3ème colloque international du réseau SYAL « Systèmes Agroalimentaires Localisés »
Alimentation et Territoires « ALTER 2006 »
Introduction
Depuis les années 80, la production du beurre de karité est devenue une des
ressources naturelles stratégiques pour lutter contre la pauvreté au Burkina Faso1. La crise
économique généralisée des vingt dernières années (politiques d’ajustement structurel,
dévaluation, etc.) a en effet entraîné une paupérisation croissante de la population et
particulièrement des femmes.
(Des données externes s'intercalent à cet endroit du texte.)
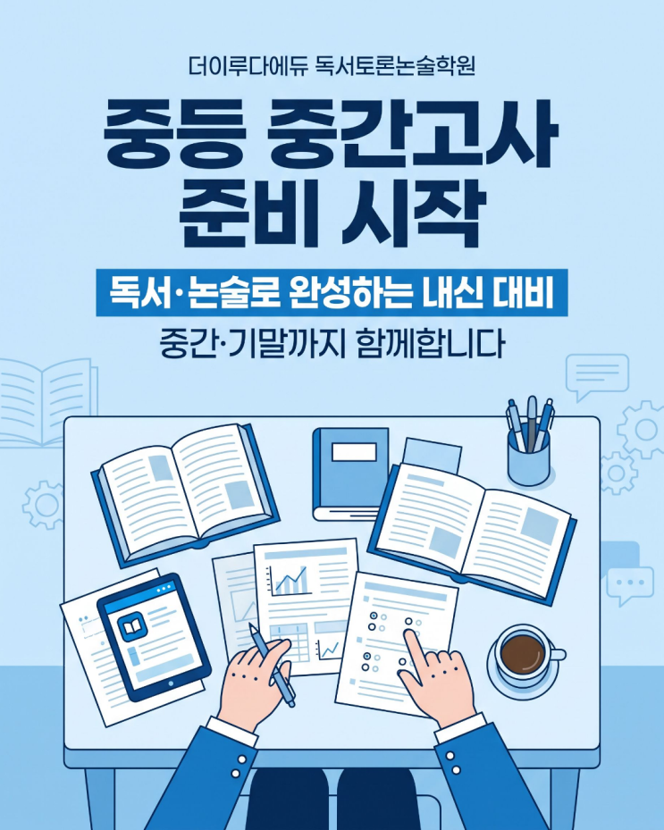 안녕하세요? 더이루다에듀 독서토론논술 학원 입니다 요즘 중등부 친구들은 차근차근 시험 대비를 진행하고 있는데요 많은 학생들이 시험 준비를 ‘문제풀이’ 중심으로만 생각합니다. 하지만 실제 시험에서 점수를 가르는 것은 지문을 이해하는 힘 핵심을 정리하는 힘 서술형으로 표현하는 힘 입니다. 독서가 곧 시험 대비입니다 국어 시험은 물론, 사회·과학까지 모든 과목은 ‘읽기’에서 시작됩니다. 지문을 제대로 이해하지 못하면 문제를 풀어도 정답률이 흔들릴 수밖에 없습니다. 그래서 더이루다에듀는 ✔ 지문 분석 ✔ 핵심 내용 파악 ✔ 구조 이해 를 중심으로 독해력부터 탄탄하게 잡아갑니다. ✍....... <img src="https://blogthumb.pstatic.net/MjAyNjA0MzBfMjQx/MDAxNzc3NDg5ODQ3Mjky.k__RwcLkMPx0yT4OD1UfjXLqqF5_zuKOaRsBH5Z57cwg.wb2kZ3O4LMnsKz-kTQESAL-d8cmMyB8fqik39UHAB6Eg.PNG/%C5%A5%B9%CC%B8%A3_%C3%A2%BE%F7%C3%DF%C3%B5_%2831%29.png?type=s3" />

Perçues par les organismes de développement comme une
des solutions permettant de faire face à l’augmentation de leurs responsabilités (migration
masculine, veuvage, etc.), de nouvelles formes d’organisations féminines sont promues.
La formation de groupements, organisés autour d’une ressource spécifique en vue
de sa commercialisation, est devenue une des conditions sine qua non des organismes de
développement pour octroyer un soutien financier. Principalement situées dans les centres
urbains, ces structures collectives sont constituées dans le but de professionnaliser les
productrices dans le domaine technique et réglementaire : qualification des amandes et du
beurre de karité, apprentissages de nouvelles techniques de transformation, formation à la
gestion et au marketing. Ces nouveaux cadres de référence pour des pratiques collectives
de production sont censés permettre à ces productrices de répondre aux exigences du
marché international et en particulier à celles des industries cosmétiques. De plus, la
promotion commerciale du beurre de karité, en tant que produit à forte valeur ajoutée issu
d’une activité spécifiquement féminine, est présentée par l’Etat comme une des voies
permettant de sortir le pays de sa pauvreté, ce qui place alors les groupements dans une
position de très grande visibilité.
L’objectif de notre article est de montrer à travers l’analyse de ces nouvelles
structures collectives, l’organisation et le fonctionnement de ces économies féminines
socialement enchâssées2. Trois hypothèses fondent cet objectif :
- Le renforcement d’une filière d’exportation du karité, marqué par de
nouvelles régulations institutionnelles et soutenu par l’Etat, s’inscrit
nécessairement dans des logiques économiques et sociales localisées.
1 Selon le Rapport mondial sur le développement humain de 2005 du PNUD (Programme des Nations Unies
pour le développement), le Burkina Faso se trouve parmi les 5 pays les plus pauvres du monde. 81 % de la
population qui vit en deçà du seuil de pauvreté monétaire avec 2 $ par jour.
http://hdr.undp.org/reports/global/2005/francais/pdf/HDR05_fr_HDI.pdf
2 Nous reprenons ici le concept d’embeddedness développé par Karl Polanyi (1983) qui montre comment
l’économique et le social sont étroitement « enchâssés », l’un ne pouvant fonctionner sans l’autre.